If there was an Olympic competition between multiple assets and bitcoin (BTC) and gold participated, which one would reach the goal first? For the director of strategies of the investment firm Fidelity Investments, Jurrien Timmer, at present the top of the podium would be occupied by the cryptocurrency, while the precious metal would ironically take the silver medal.
The executive compared what the volatility of gold was like in the 70s and what it is like for bitcoin today. According to Timmer, gold was extremely volatile on its way to profitability and also suffered ‘big falls’ quite regularly.
Both assets show similarity in terms of their “Price discovery” , something that gold went through decades ago and now it would have been the turn of bitcoin, according to Timmer.
The investor assured that the The drop that the cryptocurrency has experienced, since it hit its all-time high of $ 64,000 in April, can be seen only as a bump or hole in the road. The analyst is convinced that BTC has not finished its current bull cycle.
“Bitcoin is a relatively new product, with scarcity and network effects. Therefore, it seems logical to me that bitcoin’s rises are greater than those of gold, as are its falls. That’s the definition of price discovery, “Timmer explained through his Twitter account.
A network effect in economics it is one where the actions of one person directly influence, negatively or positively, the utility of another. That is, this type of effect occurs when the value of a good or service depends on the number of people who use it.
Under current global financial conditions, with «excess money» and «bias in returns ”, bitcoin is winning the race against gold , according to the analyst. One point that Timmer highlighted is that, although there are similarities in their behavior, there are differentiating elements to be highlighted.
The gold «bubbles», due to excess money in the 70s, are less size than current bitcoin. The reason would be because the monetary inflation of 50 years ago was much lower than the current one.

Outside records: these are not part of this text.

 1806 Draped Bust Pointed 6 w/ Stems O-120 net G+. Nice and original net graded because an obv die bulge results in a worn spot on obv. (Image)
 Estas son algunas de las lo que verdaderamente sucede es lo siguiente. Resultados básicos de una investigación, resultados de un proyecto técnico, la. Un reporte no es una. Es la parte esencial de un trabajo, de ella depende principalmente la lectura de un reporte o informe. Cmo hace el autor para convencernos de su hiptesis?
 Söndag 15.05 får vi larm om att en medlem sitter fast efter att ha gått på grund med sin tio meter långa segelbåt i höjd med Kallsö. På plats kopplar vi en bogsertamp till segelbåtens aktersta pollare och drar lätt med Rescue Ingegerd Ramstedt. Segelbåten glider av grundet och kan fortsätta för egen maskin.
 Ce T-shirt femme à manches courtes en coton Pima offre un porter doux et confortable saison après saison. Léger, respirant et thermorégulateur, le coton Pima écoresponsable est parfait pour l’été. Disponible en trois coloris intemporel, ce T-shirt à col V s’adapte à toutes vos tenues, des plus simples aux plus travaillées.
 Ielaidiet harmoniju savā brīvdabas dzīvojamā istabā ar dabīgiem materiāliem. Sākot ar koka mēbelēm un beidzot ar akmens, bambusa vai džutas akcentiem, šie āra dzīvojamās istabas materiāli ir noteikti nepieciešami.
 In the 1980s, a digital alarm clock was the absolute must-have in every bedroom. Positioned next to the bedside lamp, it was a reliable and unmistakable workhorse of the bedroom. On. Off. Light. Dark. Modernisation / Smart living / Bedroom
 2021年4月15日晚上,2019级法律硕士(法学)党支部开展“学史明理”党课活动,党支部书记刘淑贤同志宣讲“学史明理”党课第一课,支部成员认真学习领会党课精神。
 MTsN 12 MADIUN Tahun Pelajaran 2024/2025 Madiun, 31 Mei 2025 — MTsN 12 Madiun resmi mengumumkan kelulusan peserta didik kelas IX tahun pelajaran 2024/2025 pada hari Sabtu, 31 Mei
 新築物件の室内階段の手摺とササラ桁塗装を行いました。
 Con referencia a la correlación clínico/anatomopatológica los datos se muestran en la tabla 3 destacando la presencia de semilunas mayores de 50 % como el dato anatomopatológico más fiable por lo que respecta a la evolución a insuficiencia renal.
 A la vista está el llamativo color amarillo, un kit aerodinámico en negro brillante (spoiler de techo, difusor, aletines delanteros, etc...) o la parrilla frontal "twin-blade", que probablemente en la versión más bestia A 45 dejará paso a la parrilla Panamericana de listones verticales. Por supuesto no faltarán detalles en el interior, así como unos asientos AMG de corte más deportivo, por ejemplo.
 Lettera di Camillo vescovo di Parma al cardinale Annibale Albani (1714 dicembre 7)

In the following graph the investor makes this correlation and concludes that “bitcoin and gold are different players on the same team.” Timmer clarified that his theory does not mean that gold does not have significant upside potential.
Bitcoin, from “adolescent” to “adulthood”
After being presented in 2008 by Satoshi Nakamoto, bitcoin he would not be entering his “adolescence” at 13 years old. For Timmer, BTC is an “aspiring” asset that would be coming of age rather, a characteristic that it would share with gold.
The investor, who in the past has defended cryptocurrency, clarified: “Adolescents are full of potential, but they can also destroy your vehicle.”
On the comparisons between bitcoin and gold CriptoNoticias has published multiple reports from analysts who have fixed their position . An eToro report released in April this year assured that bitcoin will become the digital gold of the new era.